The Letters


Adam Salton went for a walk before returning to Lesser Hill; he felt that it might be well, not only to steady his nerves, shaken by the horrible scene, but to get his thoughts into some sort of order, so as to be ready to enter on the matter with Sir Nathaniel. He was a little embarrassed as to telling his uncle, for affairs had so vastly progressed beyond his original view that he felt a little doubtful as to what would be the old gentleman's attitude when he should hear of the strange events for the first time. Mr. Salton would certainly not be satisfied at being treated as an outsider with regard to such things, most of which had points of contact with the inmates of his own house. It was with an immense sense of relief that Adam heard that his uncle had telegraphed to the housekeeper that he was detained by business at Walsall, where he would remain for the night; and that he would be back in the morning in time for lunch.

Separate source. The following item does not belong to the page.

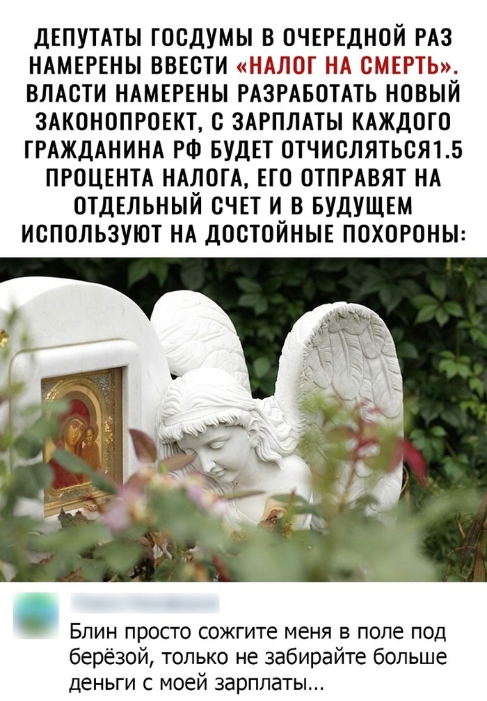 На днях Минстрой предложил ввести в России новый фискальный побор, который уже успели назвать «налогом на смерть». Предполагается брать с фонда оплаты труда предприятий (читай, работников) ежемесячный платеж в 1,5%. Эти деньги, по задумке чиновников Минстроя, гарантировали бы человеку достойные похороны.

When Adam got home after his walk, he found Sir Nathaniel just going to bed. He did not say anything to him then of what had happened, but contented himself with arranging that they would walk together in the early morning, as he had much to say that would require serious attention.

Strangely enough he slept well, and awoke at dawn with his mind clear and his nerves in their usual unshaken condition. The maid brought up, with his early morning cup of tea, a note which had been found in the letter-box. It was from Lady Arabella, and was evidently intended to put him on his guard as to what he should say about the previous evening.

He read it over carefully several times, before he was satisfied that he had taken in its full import.

"DEAR MR. SALTON, "I cannot go to bed until I have written to you, so you must forgive me if I disturb you, and at an unseemly time. Indeed, you must also forgive me if, in trying to do what is right, I err in saying too much or too little. The fact is that I am quite upset and unnerved by all that has happened in this terrible night. I find it difficult even to write; my hands shake so that they are not under control, and I am trembling all over with memory of the horrors we saw enacted before our eyes. I am grieved beyond measure that Ishould be, however remotely, a cause of this horror coming on you.

Forgive me if you can, and do not think too hardly of me. This Iask with confidence, for since we shared together the danger--the very pangs--of death, I feel that we should be to one another something more than mere friends, that I may lean on you and trust you, assured that your sympathy and pity are for me. You really must let me thank you for the friendliness, the help, the confidence, the real aid at a time of deadly danger and deadly fear which you showed me. That awful man--I shall see him for ever in my dreams. His black, malignant face will shut out all memory of sunshine and happiness. I shall eternally see his evil eyes as he threw himself into that well-hole in a vain effort to escape from the consequences of his own misdoing. The more I think of it, the more apparent it seems to me that he had premeditated the whole thing--of course, except his own horrible death.

"Perhaps you have noticed a fur collar I occasionally wear. It is one of my most valued treasures--an ermine collar studded with emeralds. I had often seen the nigger's eyes gleam covetously when he looked at it. Unhappily, I wore it yesterday. That may have been the cause that lured the poor man to his doom. On the very brink of the abyss he tore the collar from my neck--that was the last I saw of him. When he sank into the hole, I was rushing to the iron door, which I pulled behind me. When I heard that soul-sickening yell, which marked his disappearance in the chasm, I was more glad than I can say that my eyes were spared the pain and horror which my ears had to endure.

"When I tore myself out of the negro's grasp as he sank into the well-hole; I realised what freedom meant. Freedom! Freedom! Not only from that noisome prison-house, which has now such a memory, but from the more noisome embrace of that hideous monster. Whilst Ilive, I shall always thank you for my freedom. A woman must sometimes express her gratitude; otherwise it becomes too great to bear. I am not a sentimental girl, who merely likes to thank a man;I am a woman who knows all, of bad as well as good, that life can give. I have known what it is to love and to lose. But you must not let me bring any unhappiness into your life. I must live on--as I have lived--alone, and, in addition, bear with other woes the memory of this latest insult and horror. In the meantime, I must get away as quickly as possible from Diana's Grove. In the morning I shall go up to town, where I shall remain for a week--I cannot stay longer, as business affairs demand my presence here. I think, however, that a week in the rush of busy London, surrounded with multitudes of commonplace people, will help to soften--I cannot expect total obliteration--the terrible images of the bygone night.

When I can sleep easily--which will be, I hope, after a day or two--I shall be fit to return home and take up again the burden which will, I suppose, always be with me.